Because of the way batch jobs are runs, and as faulty NXMLs might cause a segmentation fault that cannot be caught, this step needs to be repeated until no more NXMLs are converted. This also applies if an article2cas process is a run-away process and needs to be killed.

  1. Add images from PMCOA to tpcas-1 files:

05addimages2cas1.sh &>/data/textpresso/tmp/05.out.

  1. Perform lexical markup of tpcas-1 files, resulting in tpcas-2 files:

07cas1tocas2.sh &>/data/textpresso/tmp/07.out.

Check for completeness by comparing tpcas-1 and tpcas-2 files.
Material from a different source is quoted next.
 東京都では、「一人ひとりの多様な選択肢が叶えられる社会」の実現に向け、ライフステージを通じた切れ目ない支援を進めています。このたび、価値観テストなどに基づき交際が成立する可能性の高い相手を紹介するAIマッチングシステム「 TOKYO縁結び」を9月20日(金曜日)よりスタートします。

  1. Get bibliographical information for PMCOA corpus:

09getpmcoabib.sh &>/data/textpresso/tmp/09.out.

  1. Get bibliographical information for C. elegans corpus:

10getcelegansbib.sh &>/data/textpresso/tmp/10.out.

  1. Perform conversion of images extracted from PDF files:

11invertimages.sh &>/data/textpresso/tmp/11.out.

  1. Index tpcas-2 files.

12index.sh &>tmp/12.out.

Check for segmentation faults. If they occur, remove tpcas-2 files that cause them.

Start Web Services

/root/run.sh -w.

Build NN Classifier Models

This step only has to be done once. Reuse the models until they are out of date.
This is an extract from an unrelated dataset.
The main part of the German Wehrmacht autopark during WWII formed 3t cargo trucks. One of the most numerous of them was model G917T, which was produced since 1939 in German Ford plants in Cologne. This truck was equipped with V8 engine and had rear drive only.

Compile and Install tpneuralnet

cd /data/textpresso/tpneuralnets/

mkdir build && cd build

cmake -DCMAKE_BUILD_TYPE=Release ..

make -j 8 && make install.

Compile and Install wordembeddings

cd /data/textpresso/wordembeddings/

mkdir build && cd build

cmake -DCMAKE_BUILD_TYPE=Release ..

make -j 8 && make install.

Compute Word Vectors

mkdir -p /data/textpresso/classifiers/nn/tpcas-1/

cd /data/textpresso/classifiers/nn/

rsync -av --exclude 'images' /data/textpresso/tpcas-1/C.\ elegans tpcas-1/.

01computeceleganswordmodel.sh &>../../tmp/01computeceleganswordmodel.out.

Compute Document vectors

02createcelegansdocvectors.sh &>../../tmp/02createcelegansdocvectors.out.

Make Models

  1. Make directories for training sets and models

mkdir models sets4makingmodels.

  1. Deposit lists of paper IDs that serve as positive training examples into sets4makingmodels, one for each model. The file name of each list will be the model name.
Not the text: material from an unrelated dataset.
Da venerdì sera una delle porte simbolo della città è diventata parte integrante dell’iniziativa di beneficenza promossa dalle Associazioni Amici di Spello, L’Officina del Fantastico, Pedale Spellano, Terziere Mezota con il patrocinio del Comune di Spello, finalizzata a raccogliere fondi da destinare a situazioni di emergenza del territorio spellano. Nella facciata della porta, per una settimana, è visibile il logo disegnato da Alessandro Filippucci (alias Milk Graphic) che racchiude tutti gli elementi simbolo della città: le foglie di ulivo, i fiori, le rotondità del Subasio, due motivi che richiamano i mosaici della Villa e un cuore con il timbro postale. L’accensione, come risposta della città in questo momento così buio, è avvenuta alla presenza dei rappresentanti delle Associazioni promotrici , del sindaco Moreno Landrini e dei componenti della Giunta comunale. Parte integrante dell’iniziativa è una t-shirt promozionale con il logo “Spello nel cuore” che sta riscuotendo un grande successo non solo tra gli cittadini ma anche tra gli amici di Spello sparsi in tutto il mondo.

  2. Edit a list of paper IDs that serve as negative training examples and save it as negative.list in /data/textpresso/classifiers/nn/`. The list serves as negative training examples for all models that are to be trained.

  3. Make a json directory and deposit a file

mkdir json.

Then edit a file named json/crossvalidate_mm_template.json. An example file is as follows:

{ "task" : "crossvalidate", "document model" : "WRKDIR/celegans.doc", "class 1 list" : "WRKDIR/list1", "class 2 list" : "WRKDIR/list2", "model name" : "WRKDIR/model", "cross validation factor" : 5, "number of iterations" : 1, "nn configuration" : "23 11" }.

  1. Compute models

tpnn-makemodels-high-recall.sh /data/textpresso/classifiers/nn &> ../../tmp/tmhr.out &.

Run NN Classifiers

  1. Update directory of papers that are to be classified:

cd /data/textpresso/classifiers/nn/tpcas-1

rsync -av --exclude 'images' ../../../tpcas-1/C.\ elegans ..

  1. Create document vectors for updated papers:

02createcelegansdocvectors.sh &>../../../tmp/02createcelegansdocvectors.out&.

  1. Make (incremental) list of new papers to be classified:

03makelist.sh.

  1. Edit a file named /data/textpresso/classifiers/nn/json/predict_pr_template.json. An example file is as follows:

{ "task" : "predict", "document model" : "WRKDIR/celegans.doc", "document list" : "WRKDIR/pool4predictions", "model name" : "WRKDIR/model" }.

  1. Classify papers:

mkdir /data/textpresso/classifiers/nn/predictions

04classify.sh &>../../../tmp/04classify.out&.

  1. Make HTML Pages for WormBase Curators:

cd /data/textpresso/classifiers/nn

mkdir results

makehtmls.sh predictions results

rsync -av /data/textpresso/classifiers/nn/results/ /data/textpresso/classifiers/NNClassification/.